Decompose the outer scaling error for x * (A*B).

Decompose the matrix-multiplication error for A*B, propagating finiteness from F.scalemx x (F.mulmx A B).

Matrix Addition Error

mat_sum_error establishes that floating-point matrix addition \(\mathtt{fl}(A + B)\) equals the exact sum of two slightly perturbed matrices. Each entry of both perturbation matrices is bounded in relative terms by the unit roundoff \(\mathbf{u}\). This is a pure backward result: no forward error term appears.

Theorem mat_sum_error :
  ∀ m n
    (A B : 'M[ftype t]_(m, n))
    (Hfin : F.finitemx (F.addmx A B)),
  ∃ EA EB : 'M[R]_(m, n),
       map_mx FT2R (F.addmx A B)
     = (map_mx FT2R A + EA) + (map_mx FT2R B + EB)
  ∧ (∀ i j, ∃ d ,
        EA i j = map_mx FT2R A i j × d ∧ Rabs d ≤ @default_rel t )
  ∧ (∀ i j, ∃ d ,
        EB i j = map_mx FT2R B i j × d ∧ Rabs d ≤ @default_rel t ).

Scaled Matrix Sum Error

mat_axpby_error bounds the floating-point operation \(\mathtt{fl}(xA + yB)\) by combining the mixed errors from each scaling step with a backward error from the floating-point addition. The result decomposes into relative perturbations of \(A\) and \(B\) bounded by \(\mathbf{u}\) and irreducible absolute forward errors from each scaling, bounded by \(\eta\).

Theorem mat_axpby_error :
  ∀ [m n]
    (A B : 'M[ftype t]_(m, n))
    (x y : ftype t)
    (Hfin : F.finitemx
              (F.addmx (F.scalemx x A) (F.scalemx y B))),
  ∃ EA EB ea eb eta1 eta2 : 'M[R]_(m, n),
       map_mx FT2R (F.addmx (F.scalemx x A) (F.scalemx y B))
     = scalemx (FT2R x) (map_mx FT2R A + EA) + eta1 + ea
       + scalemx (FT2R y) (map_mx FT2R B + EB) + eta2 + eb
  ∧ (∀ i j,
        Rabs (EA i j) ≤ @default_rel t × Rabs (map_mx FT2R A i j))
  ∧ (∀ i j,
        Rabs (EB i j) ≤ @default_rel t × Rabs (map_mx FT2R B i j))
  ∧ (∀ i j, ∃ d ,
          ea i j
        = (scalemx (FT2R x) (map_mx FT2R A + EA) + eta1) i j × d
       ∧ Rabs d ≤ @default_rel t )
  ∧ (∀ i j, ∃ d ,
          eb i j
        = (scalemx (FT2R y) (map_mx FT2R B + EB) + eta2) i j × d
       ∧ Rabs d ≤ @default_rel t )
  ∧ (∀ i j, Rabs (eta1 i j) ≤ @default_abs t )
  ∧ (∀ i j, Rabs (eta2 i j) ≤ @default_abs t ).

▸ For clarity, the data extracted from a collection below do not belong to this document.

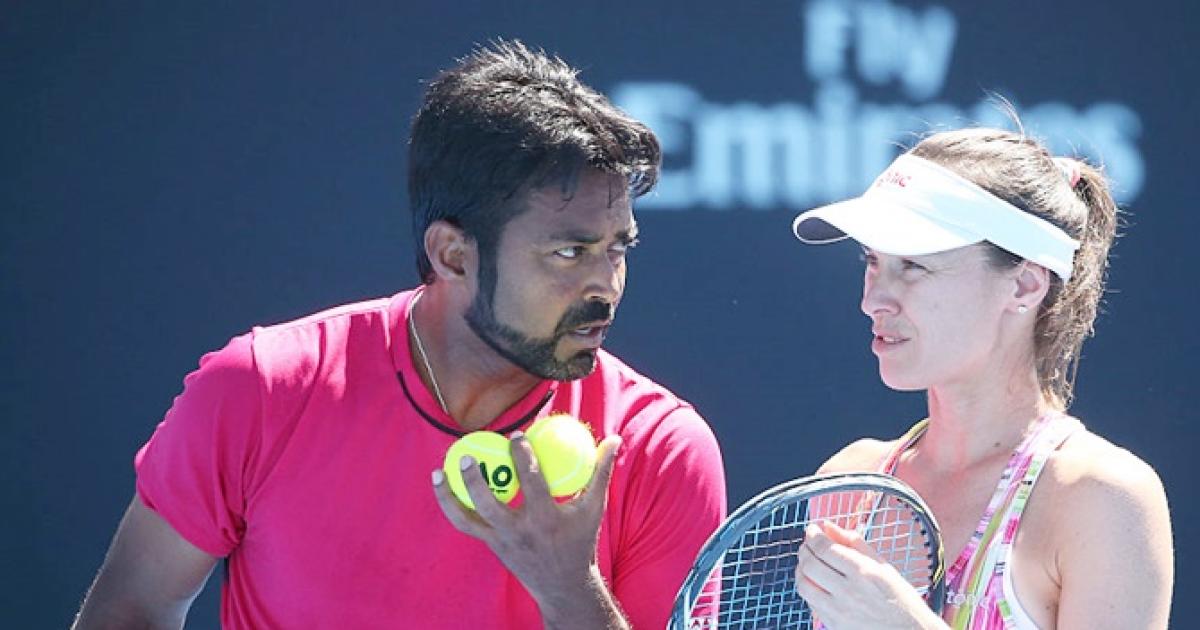 In the second set, Paes and Hingis were broken in the fourth game to trail 1-3. The Indo-Swiss pair were 2-5 down when Hingis served only to be broken by the Australians, who sealed the match comfortably.
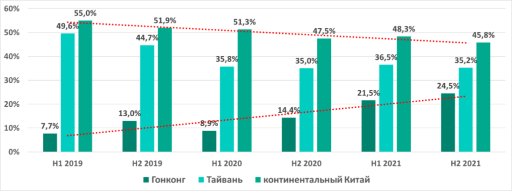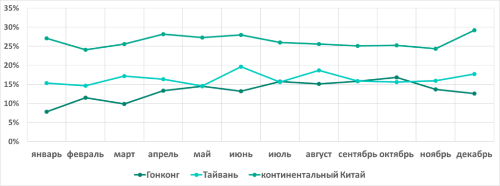 Любопытно, что при этом динамика процента атакованных компьютеров АСУ в Тайване и Гонконге по месяцам 2021 года оказывается противоположной, показатели находятся в противофазах — когда растёт показатель в Гонконге, он уменьшается в Тайване, — и наоборот.
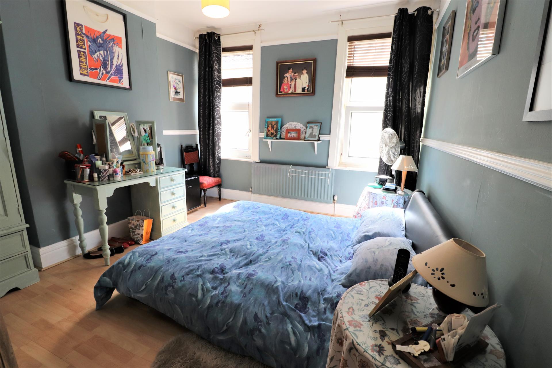Two double glazed windows to South aspect, radiator, picture rail, dado rail, laminate flooring.
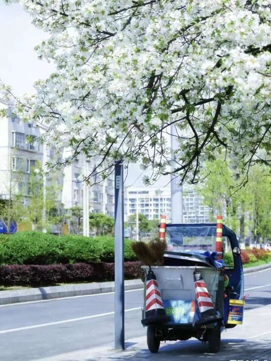 凤凰大道、君平大道等核心区域,我们延续“落叶缓扫”精细化管理模式,环卫工人化身“景观护理员”,只做垃圾捡拾、花木呵护,保留草坪与绿化带的自然野趣,让干净整洁与春日诗意并存,市民随手一拍都是美景。
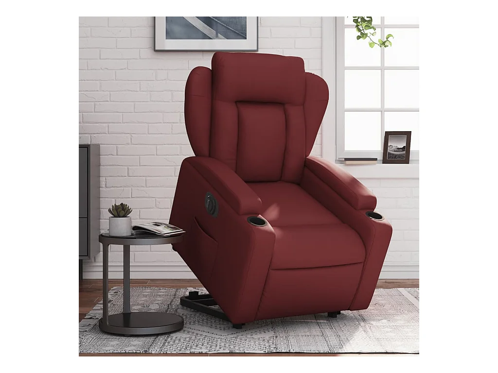 Sillón elevable eléctrico cuero artificial rojo tinto

Decompose the outer addition as a pure backward error.

Decompose the mixed error for the scaling x * A.

Decompose the mixed error for the scaling y * B.

General GEMM Error

GEMM_error is the master error theorem for the floating-point GEMM operation \(\mathtt{fl}(s_1(AB) + s_2 Y)\). It decomposes the result into backward perturbation components and forward absolute errors arising from matrix multiplication (bounded by \(g(n)\) and \(g_1(n,n)\)), scalar scaling (bounded by \(\mathbf{u}\) and \(\eta\)), and matrix addition (backward, bounded by \(\mathbf{u}\)). The proof composes mat_axpby_error and MMC_error.

Theorem GEMM_error :
  ∀ [m n p]
    (A : 'M[ftype t]_(m, n))
    (B : 'M[ftype t]_(n, p))
    (Y : 'M[ftype t]_(m, p))
    (s1 s2 : ftype t)
    (Hfin : F.finitemx
              (F.addmx (F.scalemx s1 (F.mulmx A B)) (F.scalemx s2 Y))),
  ∃ ab1 ab2 ab3 ab4 ab5 y1 y2 y3 : 'M[R]_(m, p),
       map_mx FT2R
         (F.addmx (F.scalemx s1 (F.mulmx A B)) (F.scalemx s2 Y))
     = (scalemx (FT2R s1)
            ((((map_mx FT2R A ×m map_mx FT2R B) + ab1) + ab2) + ab3)
          + ab4) + ab5
       + ((scalemx (FT2R s2) (map_mx FT2R Y + y1) + y2) + y3)
  ∧ (∀ k : 'I_p,
        ∃ E0 ,
             col k ab1 = E0 ×m col k (map_mx FT2R B)
          ∧ (∀ i j,
                Rabs (E0 i j) ≤ g n × Rabs (map_mx FT2R A i j)))
  ∧ (∀ i j, Rabs (ab2 i j) ≤ g1 n n )
  ∧ (∀ i j,
        Rabs (ab3 i j) ≤
          @default_rel t ×
          Rabs ((((map_mx FT2R A ×m map_mx FT2R B) + ab1) + ab2)%Ri i j))
  ∧ (∀ i j,
        Rabs (y1 i j) ≤ @default_rel t × Rabs (map_mx FT2R Y i j))
  ∧ (∀ i j, ∃ d ,
          ab5 i j
        = (scalemx (FT2R s1)
             ((((map_mx FT2R A ×m map_mx FT2R B) + ab1) + ab2) + ab3)
           + ab4) i j × d
       ∧ Rabs d ≤ @default_rel t )
  ∧ (∀ i j, ∃ d ,
          y3 i j
        = (scalemx (FT2R s2) (map_mx FT2R Y + y1) + y2) i j × d
       ∧ Rabs d ≤ @default_rel t )
  ∧ (∀ i j, Rabs (ab4 i j) ≤ @default_abs t )
  ∧ (∀ i j, Rabs (y2 i j) ≤ @default_abs t ).

Decompose the axpby structure for s1*(A*B) + s2*Y, obtaining backward addition errors ab5, y3 and forward scaling errors ab4, y2, together with backward scaling perturbations ab3, y1.

Decompose the matrix-multiplication error for A*B, propagating finiteness from the s1*(A*B) factor of Hfin.

End MMERROR.